7) Comment: “Present the computational complexity of the current work.”

Response: Thanks very much for your comments. In our manuscript, we first analyzed the computational complexity of SimRank, as we wrote, “Though this can be saved time cost in on-line stage, expensive operations are required in the off-line stage, which involves O(n2) time cost and O(ld2n2) space cost at the l-th iteration, where n is the number of nodes in the network, d is the average degree of the nodes, and we set l from 1 to 7 in terms of time and cost overhead.” (Line 224-228). And then we analyzed the computational complexity of the PictureSim, as we wrote, “Therefore, PictureSim optimizes the efficiency of SimRank by TopSim algorithm without any preprocessing, which requires O(d2l) time cost in the on-line stage.” (Line 235-237).

8) Comment: “Discuss about the limitations of the current work in conclusion.”

Response: Thanks very much for your comments. After checking the paper carefully, we recognize that it is necessary to discuss the limitations of the current work, and we wrote, “Future work will extend our approach to other datasets for effectively searching similar objects in other fields, because PictureSim is proposed for searching semantically similar pictures. Then, PictureSim requires O(d2l) time cost, and the number of paths increases exponentially as path length increases, which makes computation expensive in terms of time and space and cannot support fast similarity search over large networks.
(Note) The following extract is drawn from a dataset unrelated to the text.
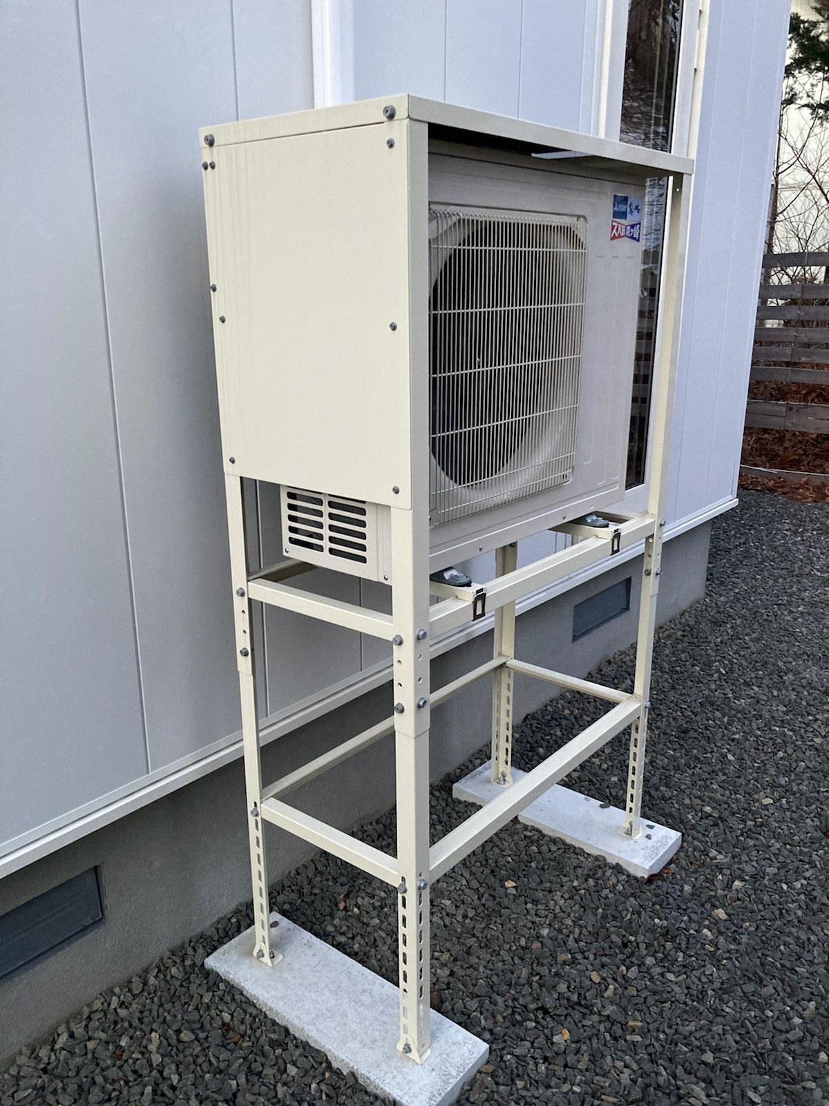 リビングワークでは、基本的に室外機を自立型で設置しています。

So, we will focus on reducing computational overhead to ensure timely response in large networks.” (Line 369-375).

Response to Reviewer #2:

1) Comment: “Paper is well written. Author should add a little background of the study and limitations of the existing works and clearly explain the contributions at the end of the introduction.”

Response: Thanks for your insightful comments. By your comments, the background and limitations of the existing works are discussed, as we wrote, “Practically, the measurement of picture similarity should be based on semantic information rather than visual features, which could cause a “semantic gap” between “semantic similarity” by human judgments and “visually similarity” by computer judgments. More precisely, picture semantic similarity is to answer the question “how similar are these two pictures?”. For example, if there are two pictures with different colors and backgrounds in “Cell phone” advertisements, which should be considered to be similar semantically, but they might be treated as dissimilar in visual features. On the other hand, different semantic pictures with similar visual features are judged to be similar pictures by the content-based methods. Due to the lack of semantic consideration, content-based metrics mainly focus on finding similar pictures in terms of visual features rather than semantics, which might neglect the expected similar pictures and deviate from the user’s intention.” (Line 30-41). Then, we explain the contributions of our works more clearly, as we wrote in the introduction, “We build a picture-tag network by “description” relationships between pictures and tags. Initially, tags and pictures are treated as nodes, and relationships between pictures and tags are regarded as edges. Then, we propose a TF-IDF-based method to remove the noisy links by setting a threshold, which could measure whether a tag has good classification performance. We propose a link-based picture similarity search algorithm, namely PictureSim, for effectively searching similar pictures semantically, which considers the context structure to search underlying similar pictures in a network. And it could respond to the user’s requirement timely. We ran a comprehensive set of experiments on Nipic datasets and ImageNet datasets. Our results show that PictureSim achieves semantic similarity search between pictures, which produces a better correlation with human judgments compared with content-based methods.” (Line 99-111).

2) Comment: “Qualities of figures are not good.”

Response: Thanks very much for your valuable comments. Inspired by your suggestions, we improve the qualities of figures, such as the font size, icon size and so on. Figure 2 is example.

3) Comment: “Authors should add the most recent reference:

1) Cross corpus multi-lingual speech emotion recognition using ensemble learning, Complex & Intelligent Systems, 1-10

2) Byte-level object identification for forensic investigation of digital images, 2020 International Conference on Cyber Warfare and Security (ICCWS), 1-4”

Response: Thanks very much for your valuable comments, we have read the most recent reference carefully. Inspired by your suggestions, we added some references, as we wrote “[19] proposes an effective ensemble learning approach to identify and detect objects, which could achieve good accuracy on both with-in as well as cross-corpus datasets. [20] proposes a deep learning-based object detection approach, which utilizes ResNet to achieve fast robust and efficient object detection.” (Line 26-29).

Ref:

19. Zehra W, Javed AR, Jalil Z, Gadekallu T, Kahn H. Cross corpus multi-lingual speech emotion recognition using ensemble learning. Complex & Intelligent Systems. 2021 01; p. 1–10.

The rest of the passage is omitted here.